Mas acho que acabei de fazer isso.

Medo, medo, mais que medo!
Ah, se me chamasse eu Azedo
Seria um gosto, não seria um nome
Ou um verso
Ou um poema
Ou um sentido.
Medo medo, mais que medo!
Mais cedo me vem o caixão.

Mais cedo me vem o colchão.

Mais cedo me vem a questão: ser ou não ser? Ei-la.

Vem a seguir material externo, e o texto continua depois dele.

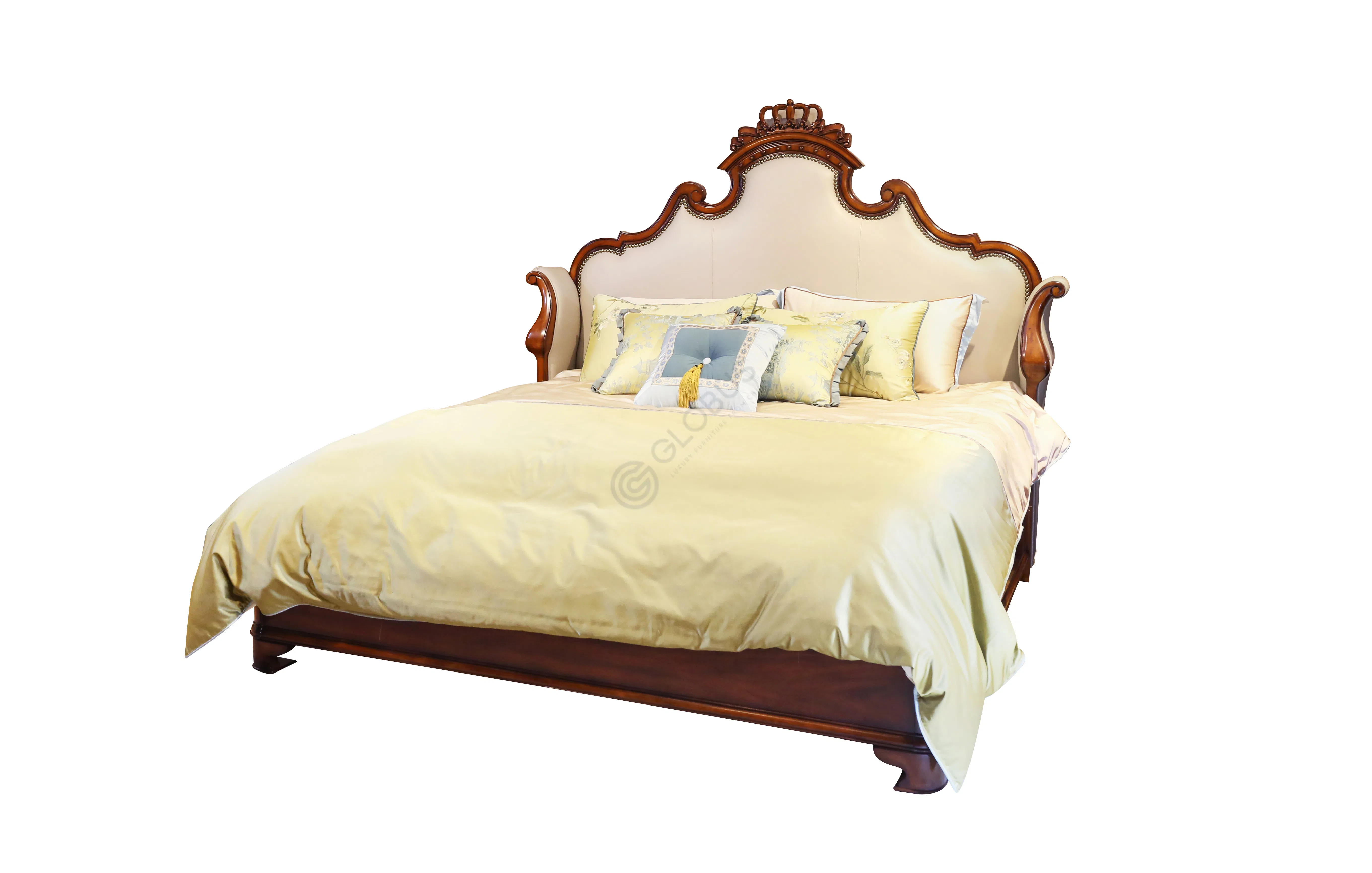 Изголовье кровати является центральным элементом, привлекая взгляд своими плавными изгибами и богатым декором. Мягкая кожаная панель, обрамленная резным натуральным деревом, создает ощущение комфорта и презентабельности. Изящная корона, венчающая верхнюю часть, подчеркивает благородство и высокий статус предмета.
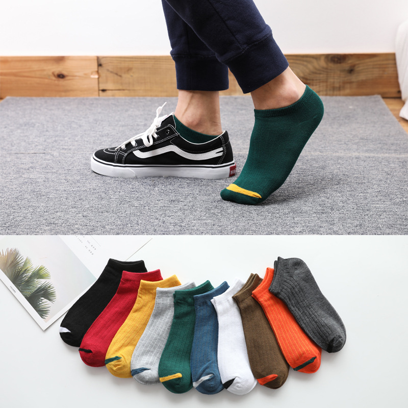 袜子男秋季男士船袜低帮提耳短袜网眼运动袜潮流纯色地摊男士袜子
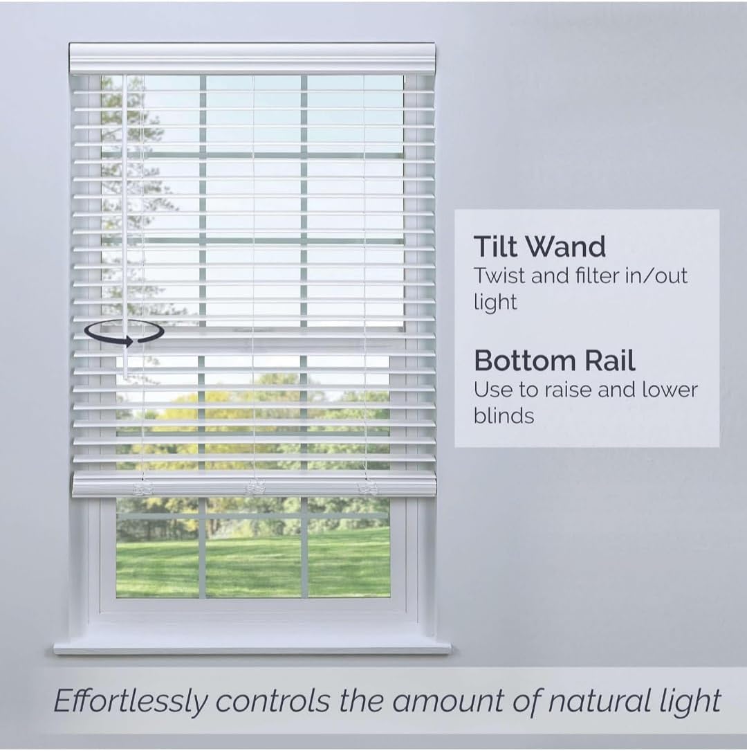 Transform your windows with these sophisticated 2-inch faux wood horizontal blinds, offering both style and functionality for your home. These cordless blinds provide a clean, modern look while ensuring child and pet safety. The crisp white finish complements any décor style, from traditional to contemporary. The versatile design allows for either inside or outside mounting, adapting perfectly to your window frame. Each blind is customizable to fit your specific window dimensions, ensuring a perfect fit every time. The durable faux wood construction offers the elegant appearance of real wood while being more resistant to moisture and temperature variations. The horizontal slats provide precise light control, allowing you to easily adjust the amount of natural light and privacy in your space. The cordless lift mechanism operates smoothly and consistently, making these blinds both practical and aesthetically pleasing for any room in your home.

Será mais...

Nobre, nobre, mais que nobre!
Se reagisse o ácido com o cobre
Seria uma química, não seria aviação.
Nobre, nobre, mais que nobre!
Mais nove e tenho quinze.

Mais nove e é dia vinte e seis.
Mais nove e é novembro.
Mais nove e é 2014.
Mais nove e acabou.
Você está lendo esse esquisitíssimo post dizendo “Bah, ele não escreve nada com nada, essas coisas nada significam”. Ou então, se você não tiver coragem de pensar o que sabe ser verdade, pensará “Poxa, eu não entendo mesmo esse garoto”, e irá comer bolachas. Gosta de bolachas. Poxa, você só queria comer bolachas, estava com fome, ou vontade de comer um docinho, que coisa, não é tão grave assim, está agora a te incriminar esse Artur, que direito ele tem de faze-lo, a culpa é dele que fez um post tão grande e tão chato, fique ele agradecido que só fiz um intervalo pra comer uma bolacha, que não parei pra dormir ou pra ler o blog de outro.
Mas algum de vocês também há de ter feito isso.
Não me entende? Me pergunta.
Chega pra mim e pergunta: o que quis dizer esse trecho? Não entendi.
Pergunta que eu explico, faço esquema ana-bruner da frase, analiso o poema com carinho e amor só pra você.
Ou então eu direi: descubra, isso não foi feito para ser explicado, foi feito para ser lido e talvez desvendado.
Ou direi: nada, nada significa, é só porque rimava. É só porque parecia certo. Talvez alguém possa achar um significado, mas eu não tinha uma intenção consciente quando isso escrevi.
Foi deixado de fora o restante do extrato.